*** Exercise material ***

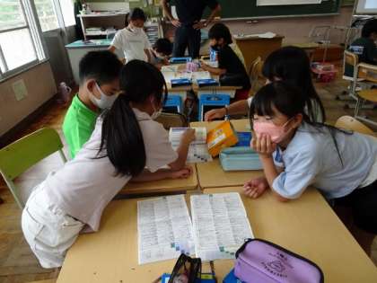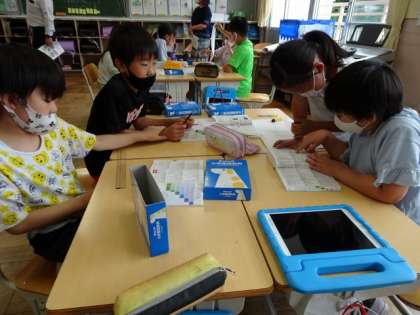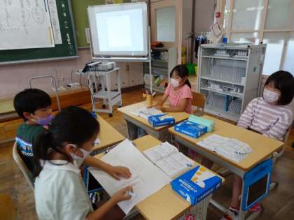 3年生は、国語で、国語辞典を活用しながらグループ学習をしていました。
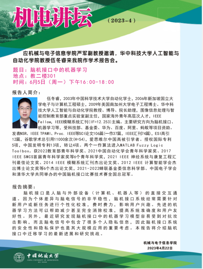 【6月5日】机电讲坛(2023-4:华中科技大学人工智能与自动化学院教授伍冬睿来kaiyun官网作学术报告会
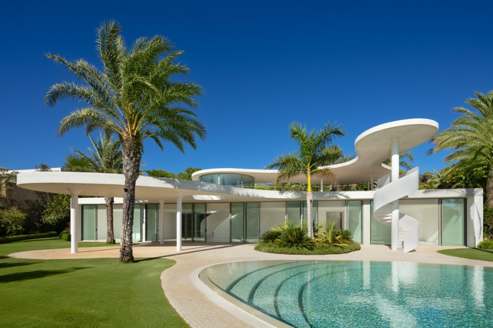 - This prestigious villa stands as a testament to architectural ingenuity, capturing the essence of uniqueness and sophistication. Designed by the visionary minds of Vicens & Ramos architects, its futuristic yet nostalgic structure commands attention with its flowing lines and harmonious integration within the lush green surroundings. The villa harmoniously coexists with nature, enveloped by a tapestry of vibrant greenery. The ground floor accommodates all living spaces, while the upper level features a captivating dome-like entrance and a bespoke spiral staircase, evoking a sense of grandeur. The entrance, thoughtfully designed for parking convenience, sets the stage for welcoming guests and making a lasting impression. An outdoor spiral staircase grants direct access to the garden from the entry level. The ground floor encompasses a fully-equipped kitchen, generous living and dining areas and four stunning bedrooms, each offering their own unique charm. With an abundance of windows and glass sliding doors, natural light floods the interior, seamlessly connecting it to the outdoors. The villa boasts a captivating garden, highlighted by an egg-shaped pool adorned with tranquil light blue tiles. Towering palm trees grace the landscape, while the verdant grass provides ample space for leisure and social gatherings. The terrace tiles, specially chosen for this property, add yet another bespoke touch to the villa's distinctive character. Offering an unparalleled architectural masterpiece, this exceptional villa promises an extraordinary personal retreat, complemented by breathtaking views and an enviable location within the esteemed Finca Cortesin Resort.
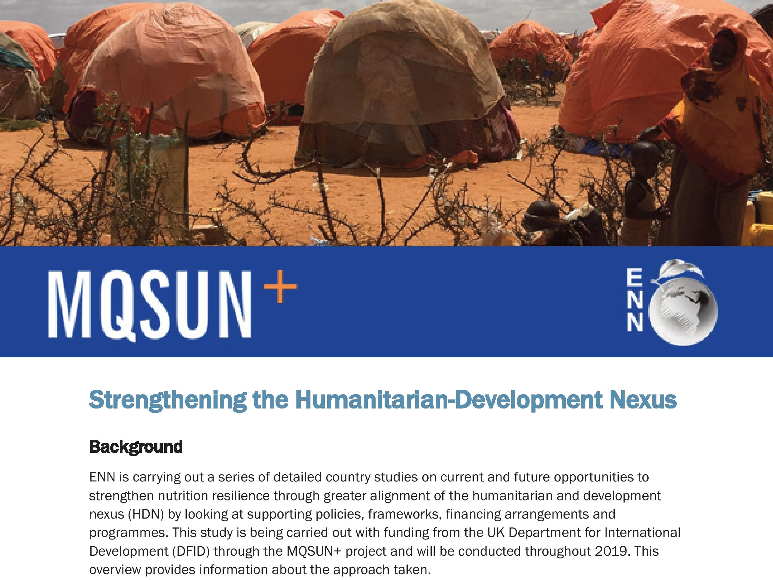 ENN is carrying out a series of detailed country studies on current and future opportunities to strengthen nutrition resilience through greater alignment of the humanitarian and development nexus (HDN) by looking at supporting policies, frameworks, financing arrangements and programmes.
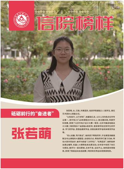 “以知促行、以行求知”,她基础扎实,以93.25的绩点位列专业第一,其中有23门必修课程达95分以上;她注重实践,热爱学科竞赛,获得了北京市电子设计大赛一等奖、北京市集成电路设计大赛二等奖等多个省部级A类奖项,曾获得公司优秀员工奖学金、学习奖学金、思想品德奖学金、实践创新奖学金和体育奖学金等。
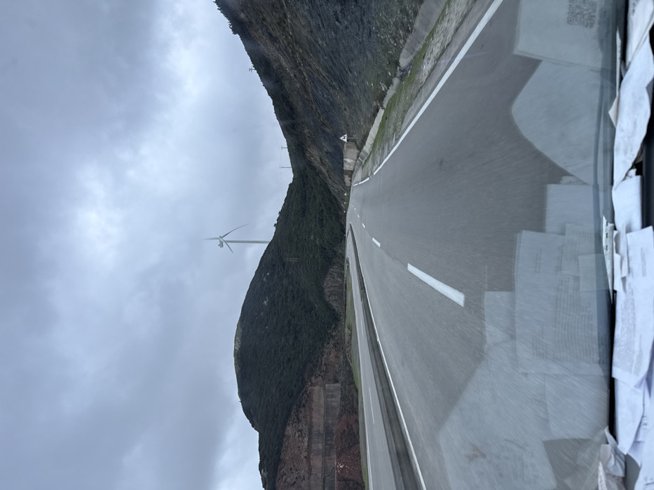 A winding road stretches towards the horizon, hugging the base of a rugged, verdant mountain under a cloudy sky. Several wind turbines are visible along the mountain ridge. The view is likely from inside a vehicle, as evidenced by the cluttered side window with documents and reflections.

*** End of Exercise material ***

Each record above should be restated word for word. The pictures should not appear.

 3年生は、国語で、国語辞典を活用しながらグループ学習をしていました。
 【6月5日】机电讲坛(2023-4:华中科技大学人工智能与自动化学院教授伍冬睿来kaiyun官网作学术报告会
 - This prestigious villa stands as a testament to architectural ingenuity, capturing the essence of uniqueness and sophistication. Designed by the visionary minds of Vicens & Ramos architects, its futuristic yet nostalgic structure commands attention with its flowing lines and harmonious integration within the lush green surroundings. The villa harmoniously coexists with nature, enveloped by a tapestry of vibrant greenery. The ground floor accommodates all living spaces, while the upper level features a captivating dome-like entrance and a bespoke spiral staircase, evoking a sense of grandeur. The entrance, thoughtfully designed for parking convenience, sets the stage for welcoming guests and making a lasting impression. An outdoor spiral staircase grants direct access to the garden from the entry level. The ground floor encompasses a fully-equipped kitchen, generous living and dining areas and four stunning bedrooms, each offering their own unique charm. With an abundance of windows and glass sliding doors, natural light floods the interior, seamlessly connecting it to the outdoors. The villa boasts a captivating garden, highlighted by an egg-shaped pool adorned with tranquil light blue tiles. Towering palm trees grace the landscape, while the verdant grass provides ample space for leisure and social gatherings. The terrace tiles, specially chosen for this property, add yet another bespoke touch to the villa's distinctive character. Offering an unparalleled architectural masterpiece, this exceptional villa promises an extraordinary personal retreat, complemented by breathtaking views and an enviable location within the esteemed Finca Cortesin Resort.
 ENN is carrying out a series of detailed country studies on current and future opportunities to strengthen nutrition resilience through greater alignment of the humanitarian and development nexus (HDN) by looking at supporting policies, frameworks, financing arrangements and programmes.
 “以知促行、以行求知”,她基础扎实,以93.25的绩点位列专业第一,其中有23门必修课程达95分以上;她注重实践,热爱学科竞赛,获得了北京市电子设计大赛一等奖、北京市集成电路设计大赛二等奖等多个省部级A类奖项,曾获得公司优秀员工奖学金、学习奖学金、思想品德奖学金、实践创新奖学金和体育奖学金等。
 A winding road stretches towards the horizon, hugging the base of a rugged, verdant mountain under a cloudy sky. Several wind turbines are visible along the mountain ridge. The view is likely from inside a vehicle, as evidenced by the cluttered side window with documents and reflections.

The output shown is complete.